Este é, então, um enorme desafio para nós que queremos construir um projeto de democracia que abrigue tamanha diversidade humana hoje reconhecida, ou em vias de reconhecimento, ao mesmo tempo em que conseguimos que nossos laços sociais e de autoridade sejam estáveis para termos uma base com solidez, não líquida, sobre a qual erigir novas normas para o Direito, novas relações sociais mais comprometidas e duradouras. Este é o desafio da nossa geração: sermos "wiki" (participativos, colaborativos, integrados) e também "sólidos" (com instituições estáveis). É claro que diante de tamanha complexidade, pode parecer mais interessante continuarmos a sustentar o modelo liberal-burguês de democracia, monista, centrado apenas na autoridade do Estado e, também, no qual "ordem e progresso" são diretamente associados ao controle democrático político feito por profissionais. Ora, somos ou deveríamos ser todos políticos em nossas vidas para termos, de verdade, a sociedade pretendida: aberta à igualdade enquanto o igual direito de ser diferente, de ser você mesmo.
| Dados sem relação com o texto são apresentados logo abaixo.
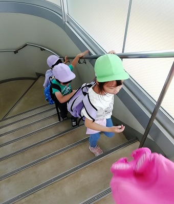 階段を登って展望台に向かい…、「あっ! さっきのカッパが見える!! 4人だったんだね」(展望台から見て4体いることに気がつきました)」、「手賀沼、広いね」など、下から見た景色との違いに気づいたり、遠くの富士山やスカイツリー、筑波山を探したりしていました。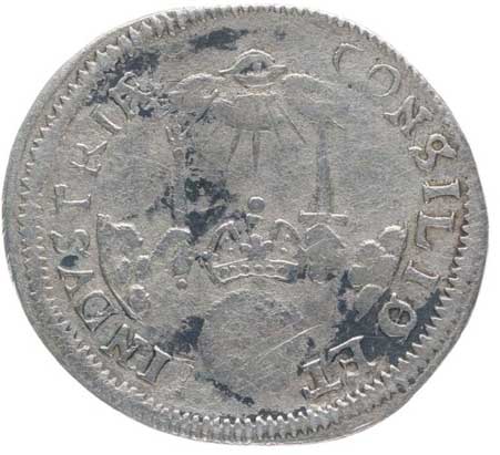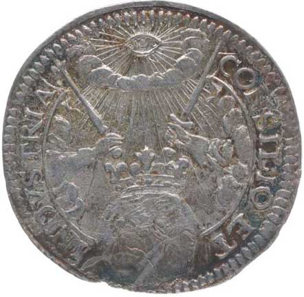 Koruna držená anděly, 6řádk.nápis / pod božím okem drží dvě ruce žezlo a meč, Ag 19 mm, 1,24 g, Nov.IX/E-13b, Mo.874, LG.II/488 R! |

Nesta wiki-sociedade, em que a verticalidade da relação entre Estado e Sociedade civil, quando excessiva, poderá ser contestada diante e com o recurso às próprias normas estabelecidas para assegurar a cidadania em nossos dias, a participação popular na tomada de decisões e na redefinição dos valores socialmente protegidos, via de consequência também juridicamente, é de primordial importância e inegavelmente uma realidade. A conquista do direito de participação e de opinião diversa é parte, recorrendo-se às ideias de Pierre Lévy, desta nova forma de construir a sociedade, de defini-la a partir de um conceito de árvore do conhecimento, processo de interação e aprendizagem com o outro (alteridade) por meio do qual nosso valores e modo de vivência comum são ressignificados e preenchidos conjuntamente. A participação de cada um tem o poder de manifestar a personalidade deste que atua como também de inseri-lo em um debate mais amplo no qual ele também recebe informações e se redefine. Somos o que juntos construimos, atualmente, mesmo que nem sempre o que intercambiamos entre nós seja algo de valor humano, como acontece por vezes, infelizmente.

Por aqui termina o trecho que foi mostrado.